▶ _Information supplied_
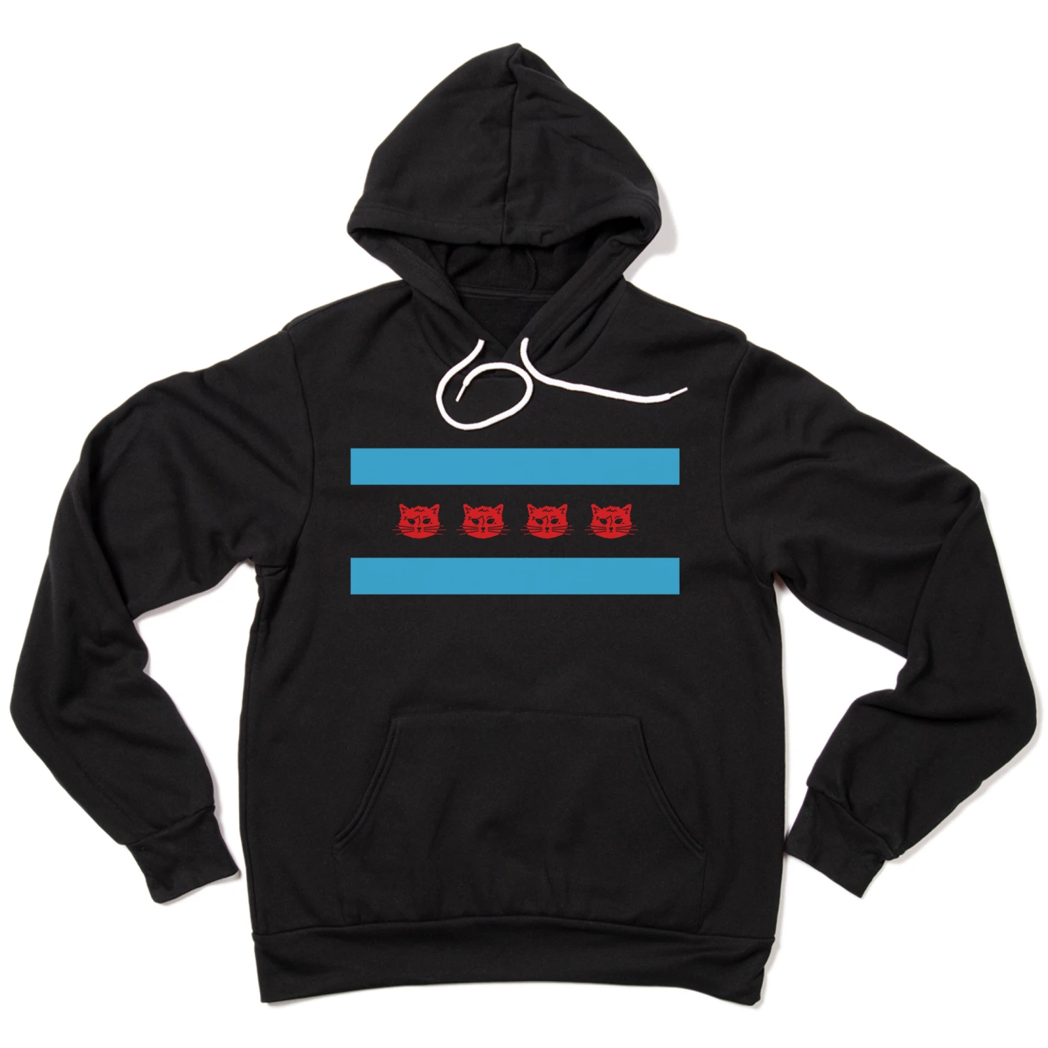 Chicago Flag with… Gary the Cat! A Portion of All RAYGUN Sales Raise Money For Organizations That We Support. Scarlet Red and Light Blue Screen Print on a Pigment Black Pullover Hoodie (52% Combed Ringspun Cotton / 48% Polyester). Cut and sewn sweatshop free. Designed and printed by Union Labor at RAYGUN.
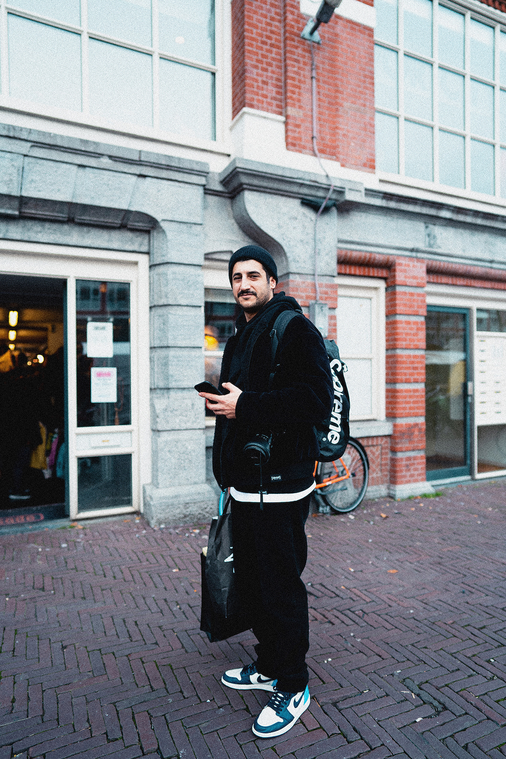 Damian: Für mich war es kurz gesagt der Hammer! Noch mal ein großes Danke an das 43einhalb Team und Nike Sportswear für die Einladung! In den Tagen vor der Abreise war ich ehrlich gesagt schon ziemlich aufgeregt. Wir wussten ja nicht mit wem und wo es hingehen wird. Als dann klar war, dass ich mit dem guten Sascha nach Amsterdam fahren werde, dachte ich nur so »geil«! Der Nike Air Max 90 »Go Nuts« passt vom Style auch perfekt nach Amsterdam, das konnte nur gut werden.
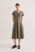 Introducing the Reverie Twist Dress - a timeless midi style featuring an elegant twist-front detail, bias-cut skirt, and back zip closure. Designed to flatter through subtle structure and fluid movement, this piece embodies effortless sophistication. Crafted from a luxurious yarn dyed twill fabric with a beautiful handle, the Reverie Twist Dress offers easy, graceful dressing for the Autumn season.
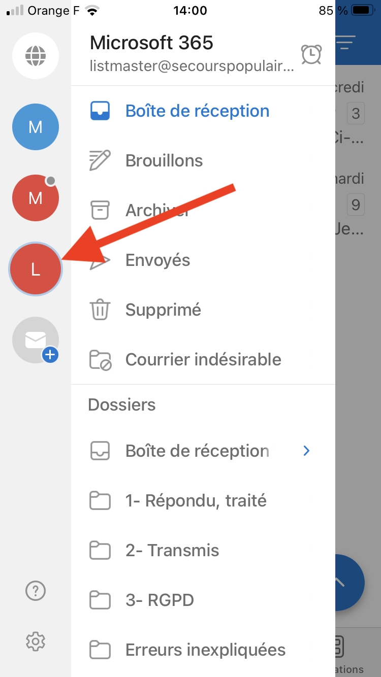 La boîte aux lettres partagée est maintenant disponible dans la liste de vos comptes :

▶ _Instructions to follow_
Every line above goes into the copy unchanged; the pictures do not.

▶ _Task solution_
 Chicago Flag with… Gary the Cat! A Portion of All RAYGUN Sales Raise Money For Organizations That We Support. Scarlet Red and Light Blue Screen Print on a Pigment Black Pullover Hoodie (52% Combed Ringspun Cotton / 48% Polyester). Cut and sewn sweatshop free. Designed and printed by Union Labor at RAYGUN.
 Damian: Für mich war es kurz gesagt der Hammer! Noch mal ein großes Danke an das 43einhalb Team und Nike Sportswear für die Einladung! In den Tagen vor der Abreise war ich ehrlich gesagt schon ziemlich aufgeregt. Wir wussten ja nicht mit wem und wo es hingehen wird. Als dann klar war, dass ich mit dem guten Sascha nach Amsterdam fahren werde, dachte ich nur so »geil«! Der Nike Air Max 90 »Go Nuts« passt vom Style auch perfekt nach Amsterdam, das konnte nur gut werden.
 Introducing the Reverie Twist Dress - a timeless midi style featuring an elegant twist-front detail, bias-cut skirt, and back zip closure. Designed to flatter through subtle structure and fluid movement, this piece embodies effortless sophistication. Crafted from a luxurious yarn dyed twill fabric with a beautiful handle, the Reverie Twist Dress offers easy, graceful dressing for the Autumn season.
 La boîte aux lettres partagée est maintenant disponible dans la liste de vos comptes :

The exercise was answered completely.